# My Girls.. Any idea what breed we've got??



## Little Missy (Aug 3, 2009)

Our girls. Jenny is the darker one, Nutmeg is the ginger ninja! 
Any idea what breeds we have got?


----------



## Guest (Sep 16, 2009)

I'm not sure on the breeds, but they are so gorgeous!


----------



## WaveRider (Sep 8, 2009)

Darker chicken looks like a 'black rock'. Mine are similar, with green tints. 

Just pulled a picture off for you from google images below.


----------



## WaveRider (Sep 8, 2009)




----------



## Little Missy (Aug 3, 2009)

Yeah, that's what we thought. Though we're sure the breeder said Rhode Rock?  
But, yes she has gorgeous green tints.


----------



## AnnC (Apr 18, 2009)

I wonder if it's a breeder trying to create their own version of the black rock. 
The link explains how black rocks are developed.
Black Rock chickens - the perfect garden and free range commercial laying hen
As the name is a registered trade name no one else can use it but there is nothing to stop them using the same breeding programme and developing their own, but they would have to use a different name.


----------



## Little Missy (Aug 3, 2009)

IrishSetter said:


> I'm not sure on the breeds, but they are so gorgeous!


Aww, thankyou!


----------



## Little Missy (Aug 3, 2009)

WaveRider said:


> Darker chicken looks like a 'black rock'. Mine are similar, with green tints.
> 
> Just pulled a picture off for you from google images below.


Thanks! 
VERY helpful.


----------



## Little Missy (Aug 3, 2009)

AnnC said:


> I wonder if it's a breeder trying to create their own version of the black rock.
> The link explains how black rocks are developed.
> Black Rock chickens - the perfect garden and free range commercial laying hen
> As the name is a registered trade name no one else can use it but there is nothing to stop them using the same breeding programme and developing their own, but they would have to use a different name.

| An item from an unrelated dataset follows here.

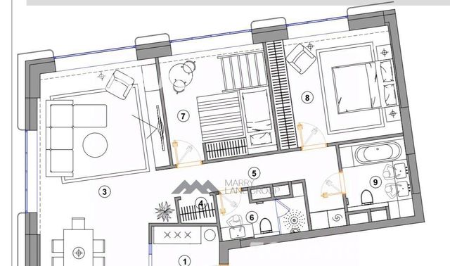 В апартаменте предусмотрена большая зона кухни-гостиной площадью около 40м2. В рабочей зоне кухни установлена вся необходима современная и качественная бытовая техника: холодильник Whirpool, плита Bosh, духовка Bosh, вытяжка, кофе-машина Bosh, микроволновая печь Bosh, винный шкаф Liebherr, разведен теплый пол. В зоне гостиной - большой диван, который раскладывается в полноценное спальное место, телевизор LG, система хранения.

Thankyou, again, VERY helpful. 
I typed 'Black Rhock Hen' into Google images. 
And then I typed in 'Rhode Rock Hen', and they both looked almost identincal!


----------



## Tommy_ (Sep 19, 2009)

Hmm, I'd say the darker one is a black rock(maybe not a true black rock but mainly), and the other I'm not sure, it deffinetley wouldnt a a rhode island/rock. Hope that helps abit


----------



## Little Missy (Aug 3, 2009)

Tommy_ said:


> Hmm, I'd say the darker one is a black rock(maybe not a true black rock but mainly), and the other I'm not sure, it deffinetley wouldnt a a rhode island/rock. Hope that helps abit


Thanks. I dug a little deeper and discovered that she could be a Bovan Goldline.
Anyone? Does that breed ring a bell with any of you?

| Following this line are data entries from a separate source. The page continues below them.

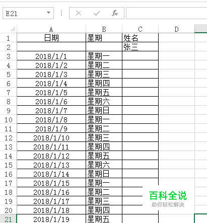 如图1,打开excel表格在A列写上日期,B列写上星期,C列写上姓名
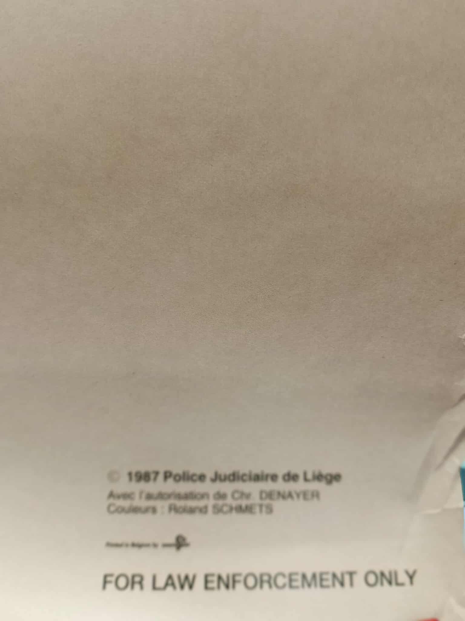 Cible d’entraiment au tir de la Police Judiciaire de Liège en 1987. Munie de l’inscription “© 1987 Police Judiciaire de Liège. Avec l’autorisation de DENAYER
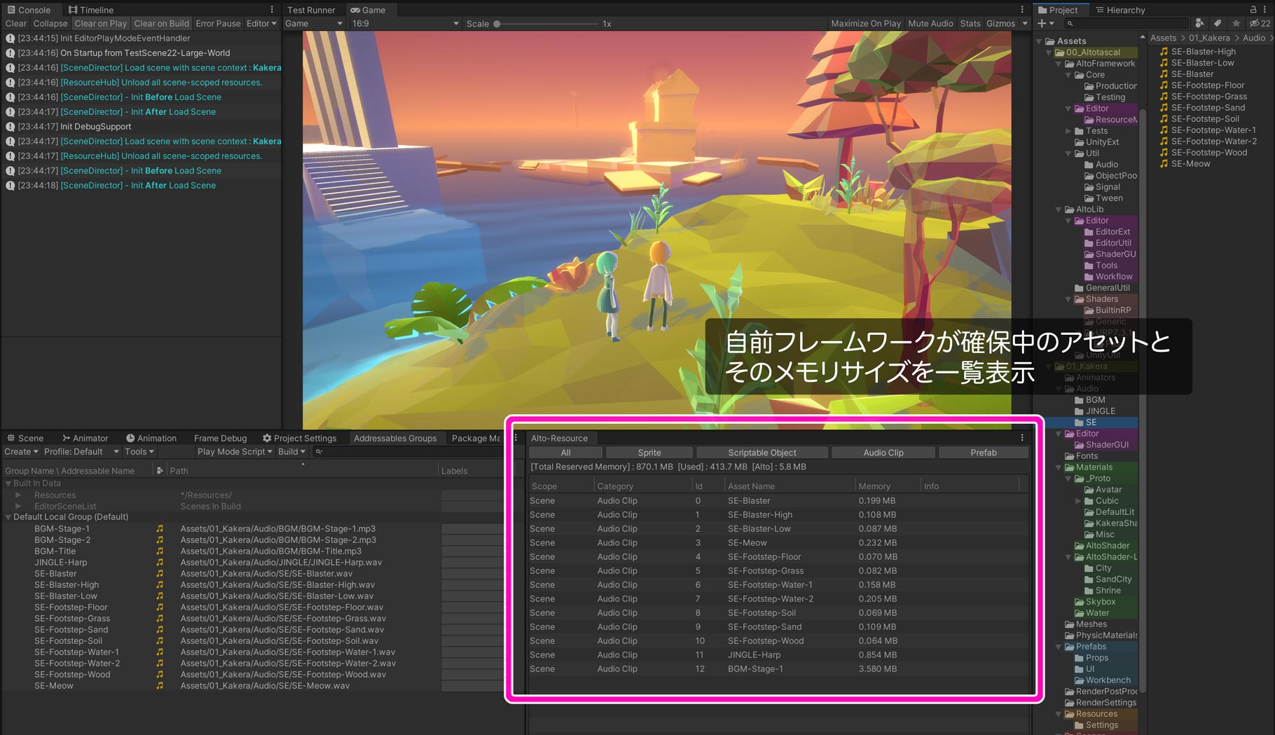 こだわりポイントとして、自前フレームワークが管理しているリソースをモニターできるウインドウを用意している。 これで、現在どれくらいのアセットをメモリに確保しているかが目視確認できる:

Thankyou everybody, all answers appreciated.


----------



## AnnC (Apr 18, 2009)

I think you'll find that your other hen is a warren, ranger and any other name [there are loads] basically a hybrid made from Rhode Island red x light sussex. Its the breed that ex-bats usually are, like mine here.


----------



## Little Missy (Aug 3, 2009)

AnnC said:


> I think you'll find that your other hen is a warren, ranger and any other name [there are loads] basically a hybrid made from Rhode Island red x light sussex. Its the breed that ex-bats usually are, like mine here.


Ah. That explains it. Thankyou.


----------



## TinaLC (Nov 1, 2008)

There both just hybrid's bred for laying more eggs than a pure breed


----------